Was he a phony any more than Iggy Pop, Johnny Rotten, David Bowie, Glenn Danzig, Alice Cooper, Dave Vanian, or anyone else who created a performance persona? Sure, there is an irritation factor involved with the guy but he had an intelligent act and is a great front man. NOU were a fantastic band. If the first two records bugged you check out the Embassy Tapes. I dont think he pulled off the Make Up, though the MU live were good, Ian being great in that role. I think recorded the band blew but that was do to one of the lamest rhythm sections he'd ever had backing him.
yeah, id say he was more phony...maybe not more than bowie, or rotten. the others on your list...Not sure why, but im able to suspend disbelief and think "hey maybe thats just how these guys are". theyre deal isnt quite as premeditated, or maybe for my money theyre just more talented. ian tho with every band is crystal clear this is his schtick this week....and this time with prince vocals!
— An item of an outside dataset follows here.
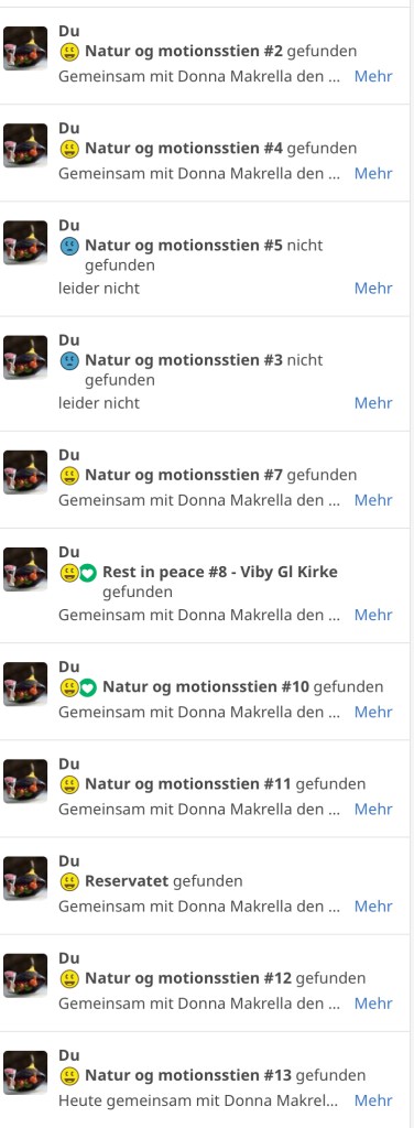 Nebenan die Liste der Geocaches, die Brigitte und ich gemeinsam entdeckt und gehoben haben. Eine der ersten Stationen war der Føns Vang Sø, der mit einem Damm vom Fjord abgetrennt wurde, damit kein Salzwasser in den See kommt. Herzlichen Dank an Anette0301 und Wankel Kurt für das Auslegen der Geocaches.
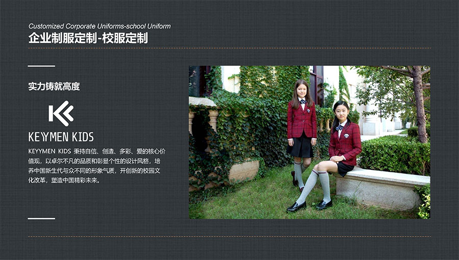凱門學生裝(KEYYMEN KIDS)秉持自信、創(chuàng)造、多彩、愛的核心價值觀,堅持“領先一步,步步領先”的品牌理念,致力于打造最具影響力的學生裝品牌,為中國青少年形象代言,以卓爾不凡的品質和彰顯個性的設計風格,培養(yǎng)中國青少年與眾不同的形象氣質。

nou were good, the best they did was the embassy tapes stuff and the track on fear of smell. They took some chances especially in those days, but i find those 2 albums near impossible to listen to now.

MU sorta blew live i thought, and that rhythm section couldnt be more soul-less.
JESUS! That was the friggin' point! James Canty played drums damn well in NOU and CCC, and Gamboa played bass. They decided to play foreign instruments for the Make Up and play FUNK (although with a Velvets bent), a music that is COMPLETLEY dependant on a mastery of rhythm. This isn't a mistake. And, really, if you compare their earliest singles (Blue is Beautiful / Type U Blood especially) to their final recordings, they progressed quite a bit. Though I love their messy early stuff better.

If you don't take them too seriously, they're actually a lot of fun.
ive never heard this album. but im really into nou and really lofi garage rock. and im a fucking fake as hell frontman for a band. and stuff.
one of the few records I can say seriously altered how I looked at music. At the time I was way into classic punk (dead boys, ramones, etc.) and oi, and not so much into garage, or even the whole DC thing.

But living in Oly I started going to more shows, and started buying records obsessively and really started to dig into the NW's own musical heritage... and in some way this record helped start it, along with some others at the time.